Apparently these crimes were errors of clinical and philosophical
judgement, not symptomatic of any kind of character shortcomings
or psychopathologies on the part of the psychiatrists.
That this explanation seems adequate to the author raises the
question of whether he may be suffering from the same affliction
as the objects of his study: a lack of what their victims
might have referred to as a "moral compass" and a need to simulate
a rough approximation of human empathy and insight by hacking them
out of some kind of behavioral rule book. The notion of a cold
blooded mass murderer evaluating philosophical constructs, political
pressures and clinical strategies in the course of pursuing his
chosen vocation is certainly not likely to satisfy those seeking
a deeper understanding of what the hell was wrong with these people.
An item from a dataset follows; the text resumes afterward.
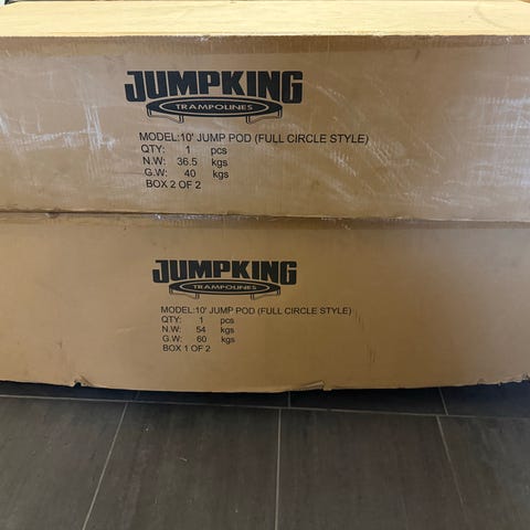 Trampolina er ca 10 år, duk med nett og polstring er ca 4 år.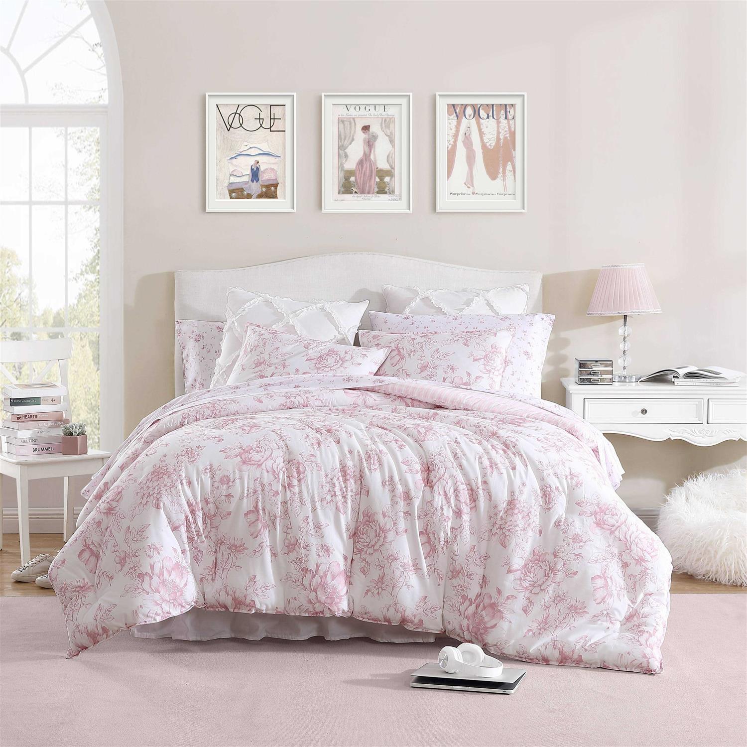 The Laura Ashley Delphine comforter set features stunning oversized floral blooms bursting in pink. This striking print reverses a traditional pink and white stripe on both the comforter and shams. Twin and twin xl 2 pc. Sets include a comforter and 1 standard sham; full/queen 3 pc. Set includes 1 Full/queen comforter and 2 standard shams; king 3 pc. The set includes 1 king comforter and 2 king shams. The ensemble is machine washable for easy care – for best results, use an extra large capacity washer.

The author's silence on the psychological motivations of the
perpetrators is especially deafening given that it's no secret that
schools of clinical psychology and psychiatry are magnets for
emotionally troubled people (Psychology Today, July/August 1997,
http://www.findarticles.com/p/articles/mi_m1175/is_n4_v30/ai_19571456)
among which are certainly both "classic" and "compensatory"
narcissists often found in the medical professions.
http://www.ptypes.com/narcissisticpd.html
http://www.ptypes.com/compensatory-narpd.html
Overlooking this fundamental insight puts vulnerable patients at needless risk.
That this article could be provided to a public audience with an
invitation to distribute freely is also symptomatic of an amazing
lack of foresight, not to mention insight, on the part of the
editors. The blind leading the wounded.